O presidente da Liga de Clubes, Pedro Proença, afirmou hoje que os restantes jogos da I Liga de futebol devem ser transmitidos em sinal aberto, devido à pandemia da covid-19, e revelou que apresentou essa proposta ao Governo.

“Sabemos que os jogos vão ser à porta fechada e que o público não pode aceder. Aquilo que queremos e tentámos potenciar foi que a entidade governamental pudesse de alguma forma injetar dinheiro nos canais generalistas, para que pudessem adquirir conteúdos junto das operadoras. Assim, as operadoras seriam ressarcidas e poderiam pagar os clubes, fechando este ciclo”, afirmou Pedro Proença.

O dirigente máximo da Liga falava aos jornalistas, após uma reunião na Câmara Municipal do Porto com o presidente Rui Moreira.

“É também uma forma de não ter aglomerados à volta dos estádios e assim também proteger as famílias”, acrescentou o antigo árbitro.

Questionado sobre a sua continuidade à frente do organismo, com Benfica e Cova da Piedade a abandonarem recentemente a direção da Liga, Pedro Proença lembrou que o “importante agora é retomar as competições”.

“Fui reeleito há um ano com 96%. É um momento muito difícil para muitos clubes que estão em sérias dificuldades e necessitam de retomar a sua atividade profissional. Aceitamos com naturalidade as críticas, numa altura que é preciso tomar decisões difíceis. A Liga é dos clubes e o presidente da Liga estará enquanto os clubes quiserem”, frisou.

Após a declaração de pandemia, em 11 de março, as competições desportivas de quase todas as modalidades foram disputadas sem público, adiadas – Jogos Olímpicos Tóquio2020, Euro2020 e Copa América -, suspensas, nos casos dos campeonatos nacionais e provas internacionais, ou mesmo canceladas.

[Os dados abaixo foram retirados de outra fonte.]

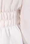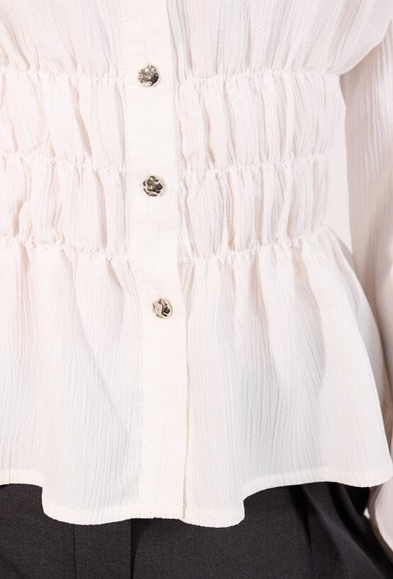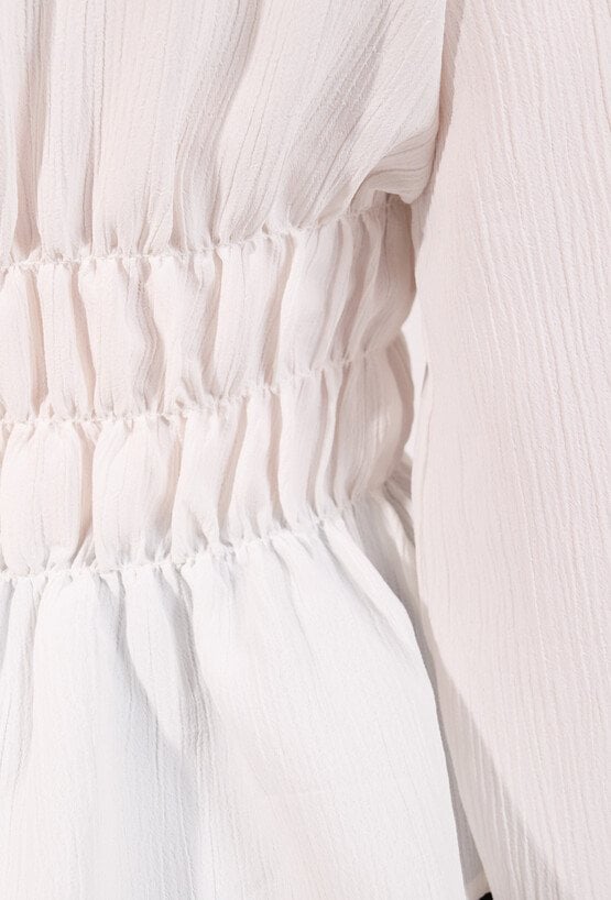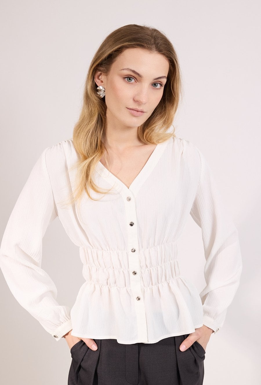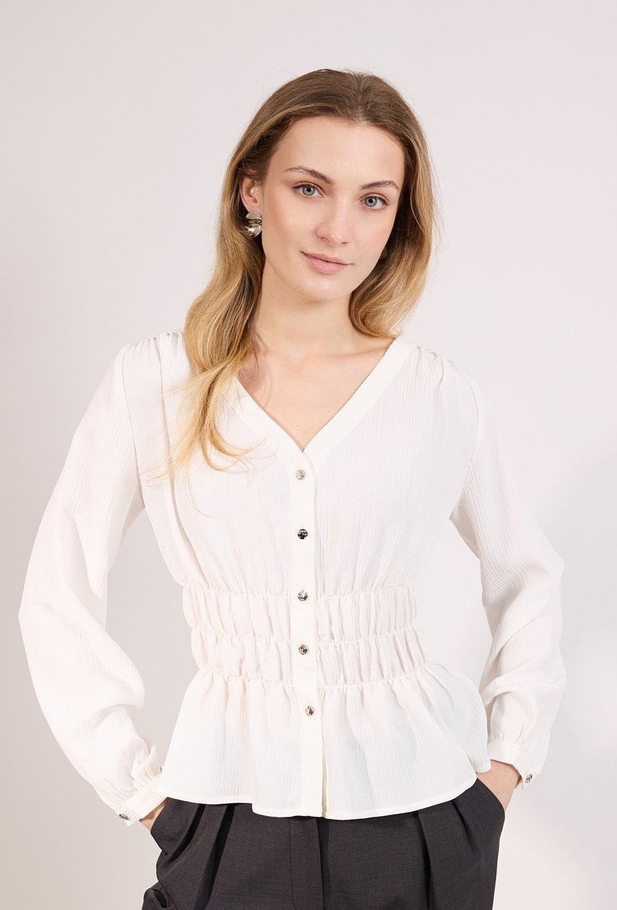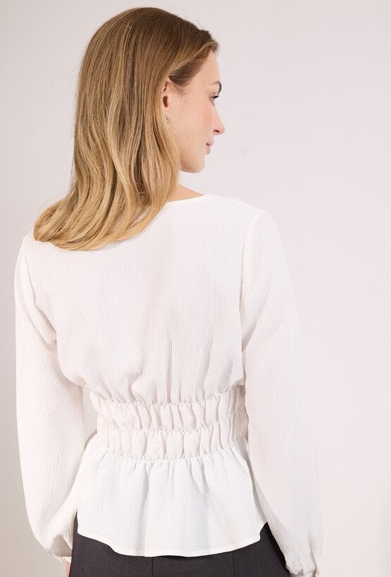 Stylowa bluzka damska o dopasowanym kroju z długim rękawem. Model zapinany na guziki z dekoltem w kształcie litery V oraz elastycznym marszczeniem w talii, które podkreśla sylwetkę. Bluzka doskonale sprawdzi się w eleganckich i codziennych stylizacjach, na spotkania oraz wyjścia.
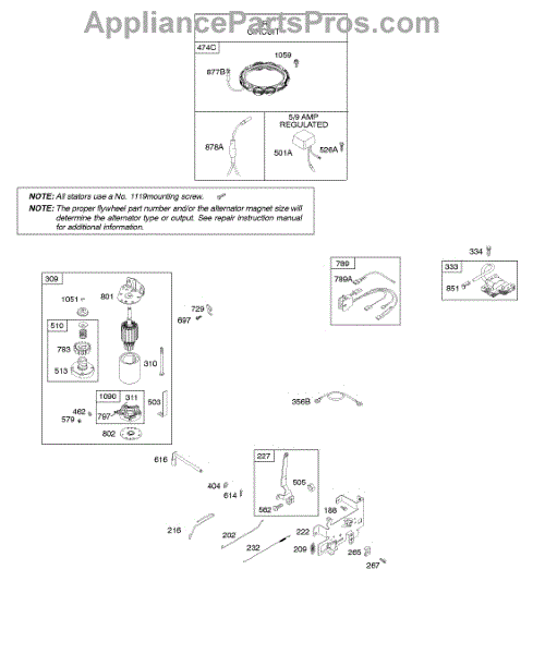 Parts for Briggs & Stratton 31M977-0112-E1: Alternator, Controls, Electric Starter, Governor Spring, Ignition Parts

Os campeonatos de futebol de França e dos Países Baixos foram cancelados, enquanto outros países preparam o regresso à competição, com fortes restrições, como sucede na Alemanha, Inglaterra, Itália, Espanha e Portugal, que tem o reinício da I Liga previsto para 04 de junho.

A II Liga ficou de fora da autorização dada pelo plano de desconfinamento do Governo e da Direção-Geral da Saúde para a conclusão da I Liga e da Taça de Portugal de futebol.